## Available data:
BEGIN

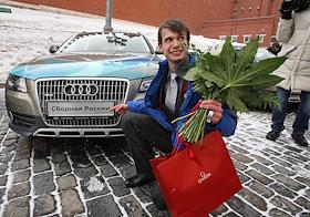 Скелетонист Александр Третьяков на церемонии вручения ключей от автомобилей Audi российским…
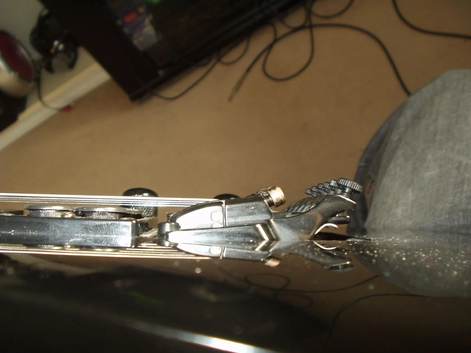Ideal wäre es, wenn die Unterkante parallel zum Korpus steht. Bei dir ist es ja Momentan leicht angewinkelt. So hat man auch viel weniger Spielraum mit dem Tremolo-Arm!
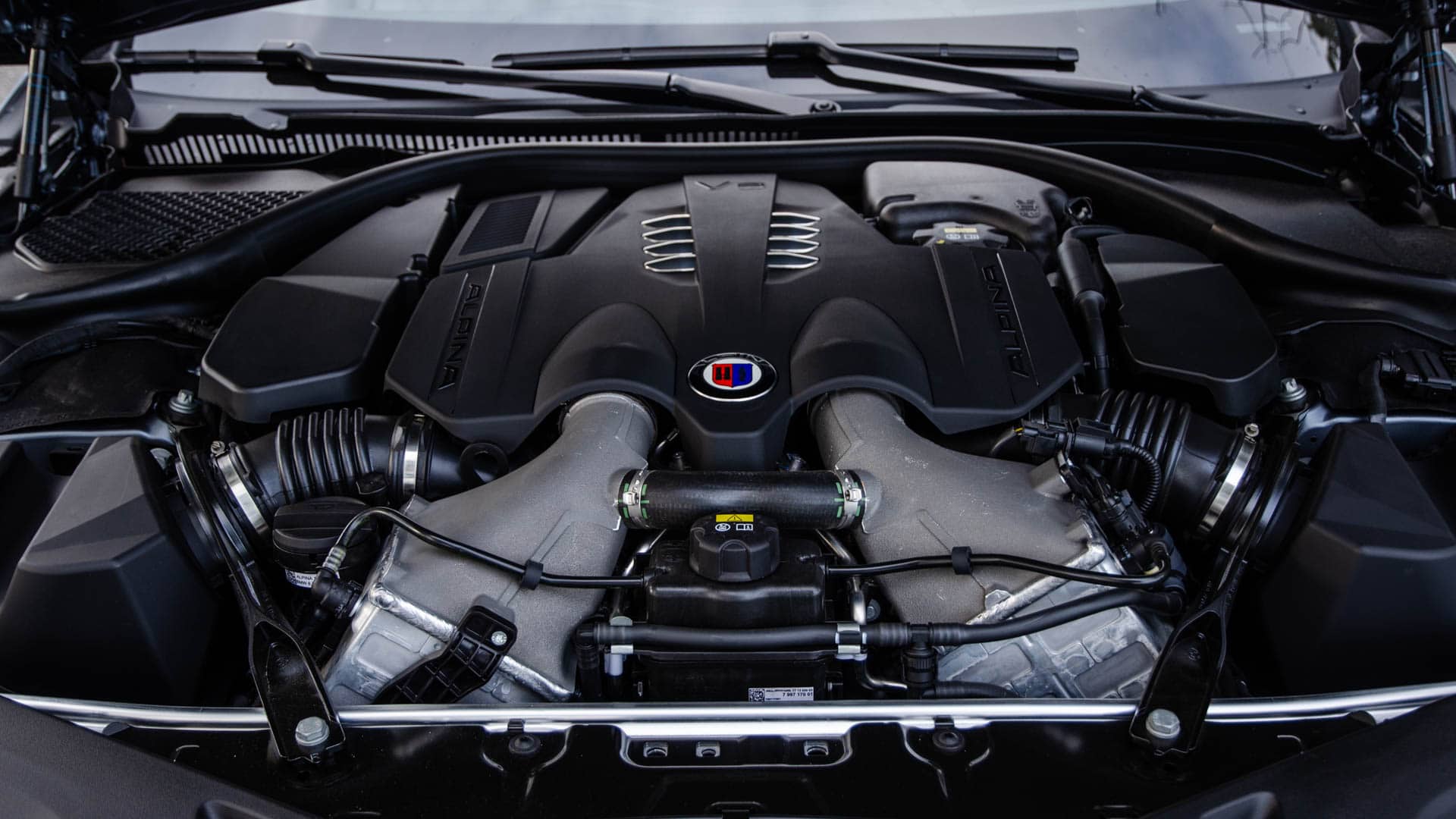 Under the hood of the ALPINA B8 lies a monster 4.4 liter twin-turbo V8, similar to the one found in the BMW M8 Gran Coupe but it’s not the same. Both the M8’s S63 and the B8’s ALPINA engine start out life as the same mill — a BMW-sourced N63 engine. However, they’re both specifically modified for their individual needs. For ALPINA-duty, the N63 engine gets quite the comprehensive tear down and upgrade.

END

## Required work:
Set down the material above exactly as it reads, but not its pictures.

## Answer to this problem:
 Скелетонист Александр Третьяков на церемонии вручения ключей от автомобилей Audi российским…
Ideal wäre es, wenn die Unterkante parallel zum Korpus steht. Bei dir ist es ja Momentan leicht angewinkelt. So hat man auch viel weniger Spielraum mit dem Tremolo-Arm!
 Under the hood of the ALPINA B8 lies a monster 4.4 liter twin-turbo V8, similar to the one found in the BMW M8 Gran Coupe but it’s not the same. Both the M8’s S63 and the B8’s ALPINA engine start out life as the same mill — a BMW-sourced N63 engine. However, they’re both specifically modified for their individual needs. For ALPINA-duty, the N63 engine gets quite the comprehensive tear down and upgrade.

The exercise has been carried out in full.